Have there been any convictions related to the fake electors plot?
Executive summary
Two limited convictions or guilty pleas tied to the so‑called “fake electors” scheme are documented in the reporting: a Georgia plea by attorney Jenna Ellis and an Arizona guilty plea by Loraine Pellegrino; the bulk of criminal matters remain pending, contested, or in pretrial limbo across multiple states [1] [2]. Dozens of other defendants were indicted in several states and many high‑profile cases were set for trial dates or subject to procedural challenges, meaning convictions are not yet widespread as of the available reporting [3] [4] [2].
1. A handful of guilty pleas, not a cascade of convictions
The reporting identifies specific guilty pleas: Jenna Ellis pleaded guilty in the Georgia racketeering prosecution in October 2023 to an offense tied to her participation in the fake‑electors scheme and cooperated with prosecutors [1], and in Arizona Loraine Pellegrino, one of 11 alleged fake electors, pled guilty to filing a false instrument [1]. These entries constitute the clearest, documented instances of convictions or plea‑based resolutions in the materials provided [1].
2. Many indictments; few completed trials
State prosecutors filed indictments across multiple states — Arizona, Georgia, Michigan, Nevada and Wisconsin among them — charging dozens of people who signed or helped craft phony electors’ certificates, and charging some campaign advisers as well [4] [5] [2]. Arizona’s grand jury indicted 18 people including 11 who signed the false Arizona certificate and several Trump aides, and that case moved toward a Jan. 5, 2026 trial date before facing procedural setbacks [4] [3]. Those indictments are largely at the pretrial stage in the sources provided [2] [3].
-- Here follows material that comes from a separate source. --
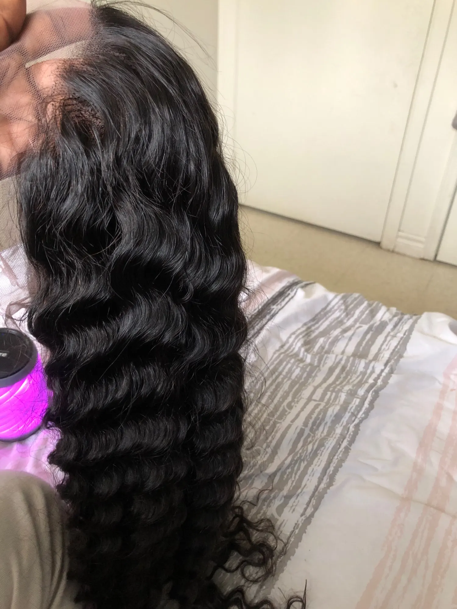 Волосы очень красивые. Во-первых, позвольте мне то же самое. Я заказал его в пятницу, и он пришел в тот же понедельник. Локоны такие великолепные! У него был запах, и он немного потускнел, когда я пробежал пальцами по нему. Но я Постирал его, и запах выпал. У меня есть фотографии, когда я вынул его из упаковки и после того, как я Постирал его. Это соответствует длине и полностью. Это мой парик, который я ношу на свадьбе. Я так взволнован. Я обновлю его, когда надену некоторое время. Я сшила ленту, чтобы сделать ее бесклеевой. Другое дело в том, что зажим внутри был не полностью пришит, поэтому мне придется пришивать его обратно. И это выглядело так, как будто они были пятнами, но когда-то молись, он выглядел полным.
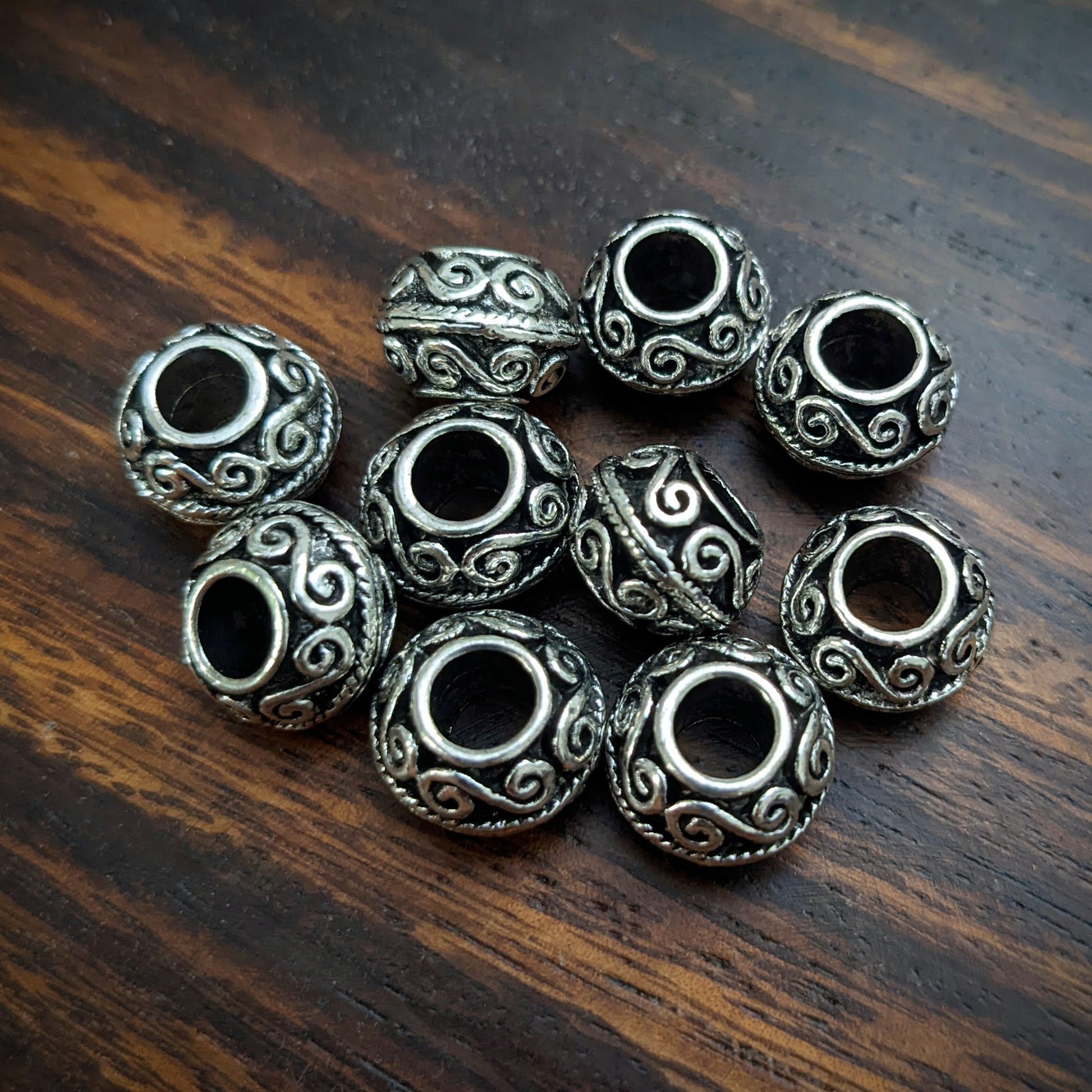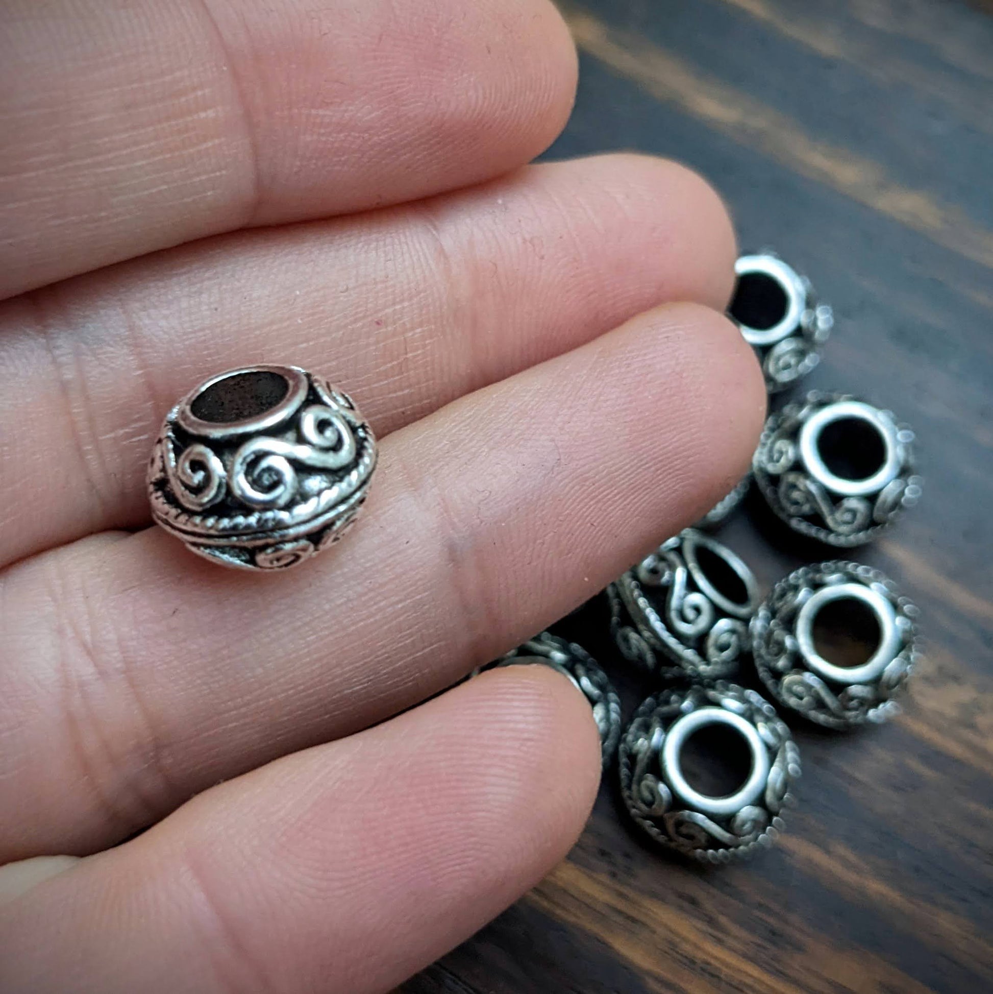 Kovové korálky stříbrné barvy vhodné na tenčí až středně silné dready.

3. Procedural detours and mixed state outcomes
Several prosecutions have been slowed, shifted, or dismissed: Nevada’s prosecution was dismissed by a judge, Georgia’s case experienced fits and starts, and courts in Arizona sent the case back to a grand jury over a prosecutorial disclosure issue — all signs that convictions are not inevitable even where charges exist [2] [1]. Reporters and analysts note that some defendants have sought federal jurisdiction or relied on legal defenses tied to the Electoral Count Act and other theories, complicating straightforward paths to conviction [1] [2].
4. The national context: investigations, special counsel and political stakes
The fake‑electors scheme also figures prominently in federal probes — notably the Smith special counsel’s investigation — and in Fulton County and other state cases that overlap with broader charges about election subversion; Trump is identified as a central figure in some of those indictments and investigations even where he has not been criminally charged in each state matter [6] [5]. The politicized nature of the prosecutions is evident in competing narratives: prosecutors frame the acts as criminal fraud and election subversion [4] [5], while many defendants and some political allies argue they acted in good faith under contested legal theories [1] [2].
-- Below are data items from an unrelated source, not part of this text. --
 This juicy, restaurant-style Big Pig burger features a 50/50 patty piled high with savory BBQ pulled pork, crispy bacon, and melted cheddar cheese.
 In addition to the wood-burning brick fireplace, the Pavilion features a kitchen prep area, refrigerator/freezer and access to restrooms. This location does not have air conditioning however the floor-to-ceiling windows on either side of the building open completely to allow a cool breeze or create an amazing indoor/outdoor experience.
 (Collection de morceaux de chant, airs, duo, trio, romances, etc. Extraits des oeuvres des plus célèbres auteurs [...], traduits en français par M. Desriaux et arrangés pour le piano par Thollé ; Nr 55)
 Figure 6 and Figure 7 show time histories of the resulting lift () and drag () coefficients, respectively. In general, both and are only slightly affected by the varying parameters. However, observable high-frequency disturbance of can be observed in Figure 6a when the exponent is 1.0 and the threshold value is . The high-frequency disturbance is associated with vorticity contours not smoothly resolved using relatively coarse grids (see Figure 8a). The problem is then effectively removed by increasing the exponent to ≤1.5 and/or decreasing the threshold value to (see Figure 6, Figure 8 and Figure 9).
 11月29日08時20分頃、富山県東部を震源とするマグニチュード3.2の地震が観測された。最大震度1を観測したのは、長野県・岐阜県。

5. What the reporting does not (yet) show
The sources document a small number of pleas but do not provide a broad tally of completed felony convictions across all jurisdictions; many cases remain pending or were subject to dismissal or interlocutory rulings [1] [2]. Where reporting speculates about deterrent effects or broader political consequences, those are assessments rather than hard conviction data, and the available material does not support a claim of widespread, final convictions beyond the cited pleas [4] [7].
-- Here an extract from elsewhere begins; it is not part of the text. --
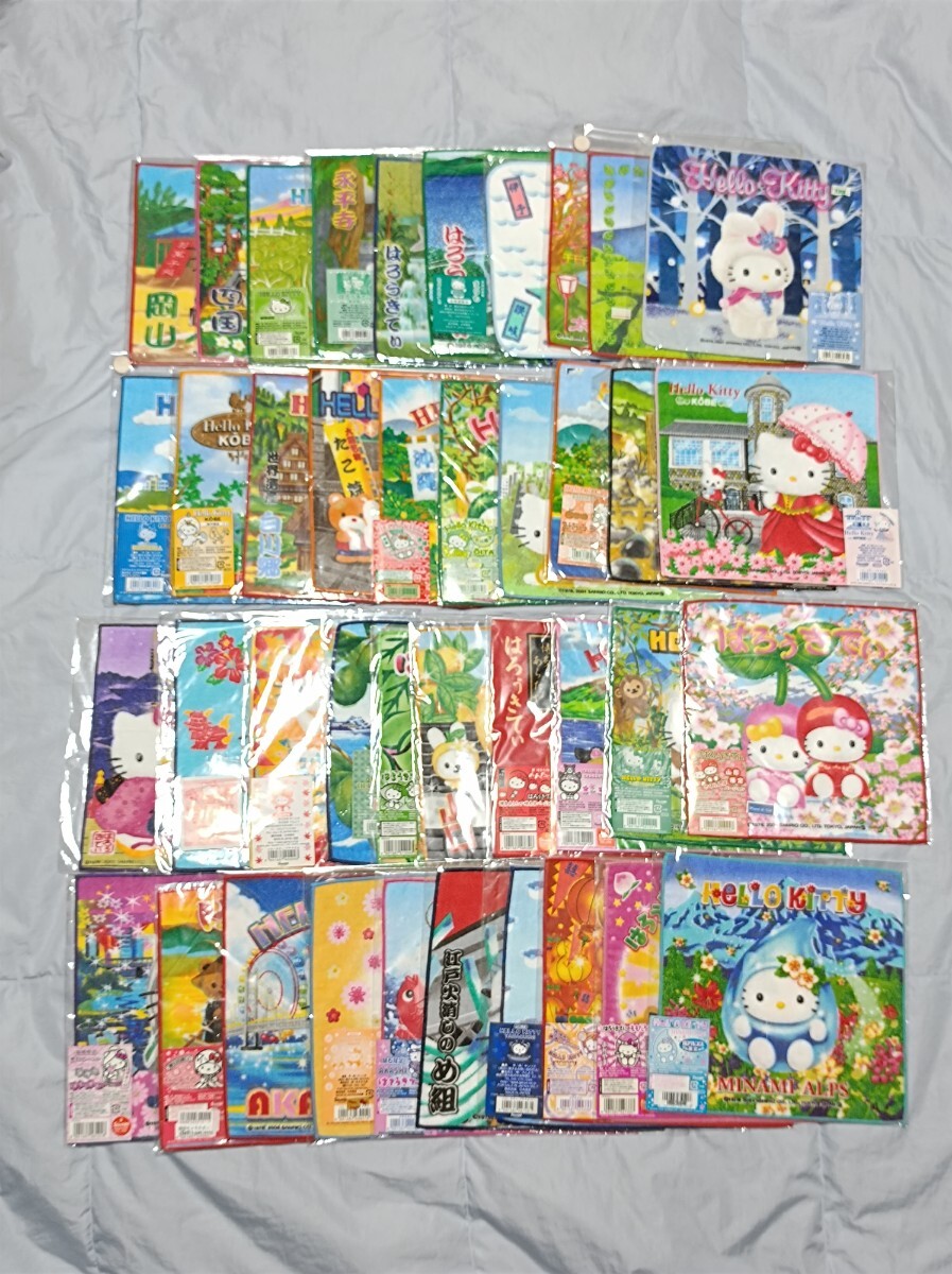 > 40枚 ハローキティ ご当地 ミニタオル 北海道 雪うさぎ 南アルプス 瀬戸の花嫁 神戸 貴婦人 さくらんぼ 大量 サンリオ Sanrio

6. Stakes and the near horizon
Several high‑profile trials were set to proceed in 2026 — most visibly Arizona’s Jan. 5 trial date — meaning the near term could produce additional resolutions, but the record to date in the supplied reporting is: some indictments, a few guilty pleas/convictions (notably Pellegrino and Ellis), and many contested cases still awaiting final adjudication [3] [1] [2]. Readers should treat counting convictions as a moving target because of ongoing proceedings, plea deals, dismissals and appeals described across the state prosecutions [2] [1].